Zeus Insightsのプラットフォームでは、例えばWebサイトのどこを照会したか、何ページまでスクロールしたか、どこから当該サイトにたどり着いたか、何をクリックしたかなどの個人のコンテクストデータを監視しています。

Washington Postはこういったデータを、4年かけて蓄積してきたデータ群と照らし合わせて、ユーザーがどのような意図を持っているかを推測するのです。この技術では機械学習によるパターン解読も行われます。

同社の戦略的目標は、サードパーティCookieを使用しない広告ターゲティング機能を、顧客である広告主に提供するだけではありません。出版社をプラットフォーマー大手と競合可能な場を提供することでもあるのです。

さらにZeus Insightsを2016年以降他社へのライセンシングを行っているパブリッシングプラットフォームであるArcに組み込み、米国内外の出版社に使用許可を与える予定です。

Arcのユニークユーザー数は、世界で合わせて7億5000万人にも達するので、FacebookやGoogleが保有するデータの規模やデータターゲティングに対し、出版社がコンペになり得るというわけです。

Googleは

Googleの公式発表によれば、サードパーティCookie をブロックすることが、Webブラウザーの標準仕様になれば、実はCookieよりやっかいな存在とも言える、fingerpringing (指紋のような、ブラウザやデバイスの識別情報) を促進することにつながりかねないと言及しています。

PCにインストールされているフォント、ソフトウェアのバージョン、ハードウェア構成などを取得できるfingerprintingの技術から、ユーザーのデバイスやインストール済のフォントから、ある程度個人情報が割り出される可能性があり、しかもユーザーは自力でfingerprintingを消し去ることはできないというのです。

広告費の減少が進むことが、ユーザーにとっても望ましくない事態を招くという懸念を持ったGoogleは、2019年8月に、パートナーであるサイト運営者やデジタル広告業者などと連携しながら、ユーザー情報を関連広告以外に乱用されないように制御するために、一連のオープンスタンダードを開発するための新しいイニシアチブとなる、Privacy Sandboxを発表しました。

ユーザーのプライバシーを守りながら、ユーザーが手に入れたいと思う適切な広告を表示できる仕組みであるPrivacy Sandbox、広告主側も自らはユーザー情報を保有せずに、Privacy Sandboxのツール経由でターゲティング広告ができたら、当局の規制に抵触しないため、心配の種は減るのです。

そして広告主に代わりWebブラウザーが(この場合Googleが)ユーザーの情報を保持するので、結局のところ一番得をするのはGoogleというわけ。2年以内にサードパーティーCookieを廃止すると発表したのは、Privacy Sandbokの本番稼働が、同じく2年以内にできそうである見込みがたったからでしょう。

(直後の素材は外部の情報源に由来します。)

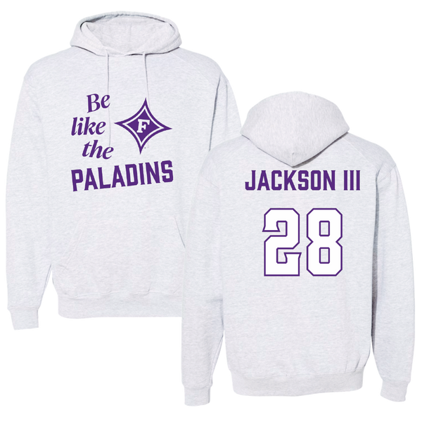 Furman University Football Light Gray Be Like Us Hoodie - #28 Eddie Jackson III

広告主、Chromeユーザーと協力し、すべてのステークホルダーにとってメリットを生み出すPrivacy Sandbox をリリースするGoogleの最終目標とは、Privacy SandboxをオープンWeb標準にすることであると考えられます。そしてこれがSafariやFirefoxでも採用されるようになれば、トラッカーをブロックすることで発生する不具合も解消されるはずなのです。

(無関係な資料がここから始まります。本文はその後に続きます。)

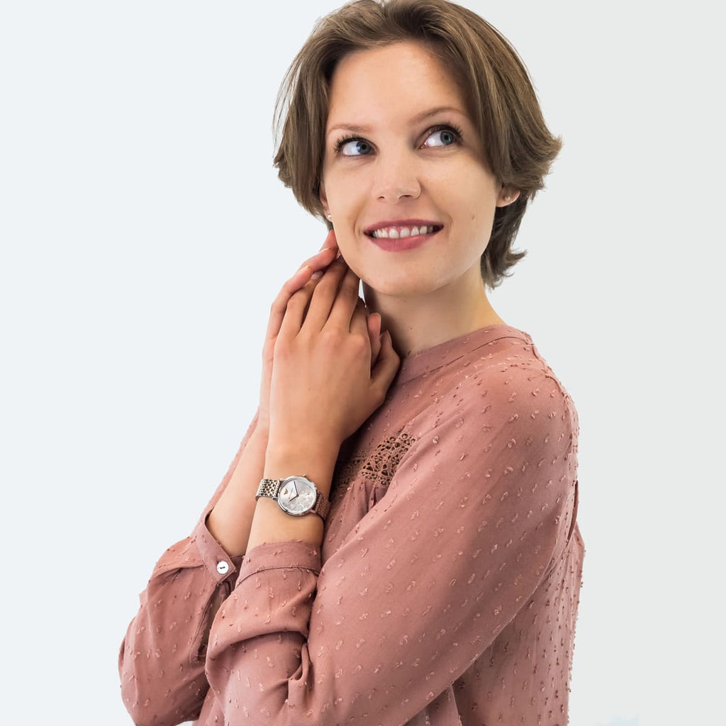 This Emporio Armani Silver Sunray Dial Two-Tone Ladies Watch AR11113 adds elegance to any outfit with a silver-tone case, silver sunray dial with applied floral design and two-tone seven-link bracelet.

本当に2年で安全なものが作れるのか、結局Googleが得をするための施策じゃないかなど、現段階では色々言われ放題かもしれませんが、Privacy Sandboxが本番稼働する時には、業界の合意を得られることをGoogleでは確実視しているようです。

Adobe Flashは排除される事実から

ここで少し違うトピックを提供したいと思います。セキュリティ脆弱性のてんこ盛りであることは認識済みでありながら、排除は絶対不可能とみなされていたAdoble Flashが、2020年末にAdobe Flashのサポートの終了とともに、ほぼ実現するようです。そして既存の Adobe Flashコンテンツは新しいオープンフォーマット(HTML5やWebGLなど)に移植される予定なので、現行ユーザーに迷惑もかからないとのこと。

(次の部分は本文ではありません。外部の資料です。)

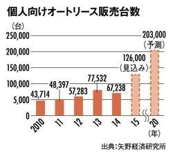 個人向けオートリース市場が拡大している。矢野経済研究所の発表によると2014年の個人向けオートリース販売台数は6万7238台で、15年は一気に10万台を突破して12万6000台まで増える見込みだ。(雑誌掲載当時)

Appleの創業者であった故スティーブ・ジョブズ氏が、Adobe Flashはクローズドでセキュリティ上の問題が多いと批判し、2010年にiPhoneでの採用をやめたことで話題になりました。そしてそののち、Webブラウザー大手も2015年あたりからこぞってAdobe Flashをブロックしましたよね。

Adobe Flashが終了できるのは、ひとえにGoogleを含む業界全体がHTML5などでのオープンな代替規格を推進してきたからなのです。

Privacy SandboxもGoogleが自社の利益だけを追求するのではなく業界全体の繁栄のために、競合他社とも連携しながらPrrivacy Sandboxの標準化を目指すならば、Adobe Flashのように、問題のサードパーティCookieが完全撲滅になるのではないでしょうか。

結論:オンライン広告は生き残る…はず

結論:オンライン広告は生き残る(はず)

矢野経済研究所の調査では、オンライン広告市場は年々拡大しており、2018年度は1兆6,950億円でしたが、2020年度には約2.1兆円まで成長。2023年度には約2.8兆円を突破する見込みとなっているとのこと。

プラットフォーマーにしてもメインの稼ぎはオンライン広告ですので、政府に睨まれても、このビジネスを手放す気はないでしょう。

すでにお話しした通り、サードパーティCookieやfingerprinting技術にたよらない方法を開発し、オンライン広告を続ける道を各社とも模索していますので、Privacy Sandboxがその役割を担うかはわかりませんが、Google中心としたコンソーシアムのようなものが本当にできるのかもしれません。どちら様も背に腹は変えられませんからね。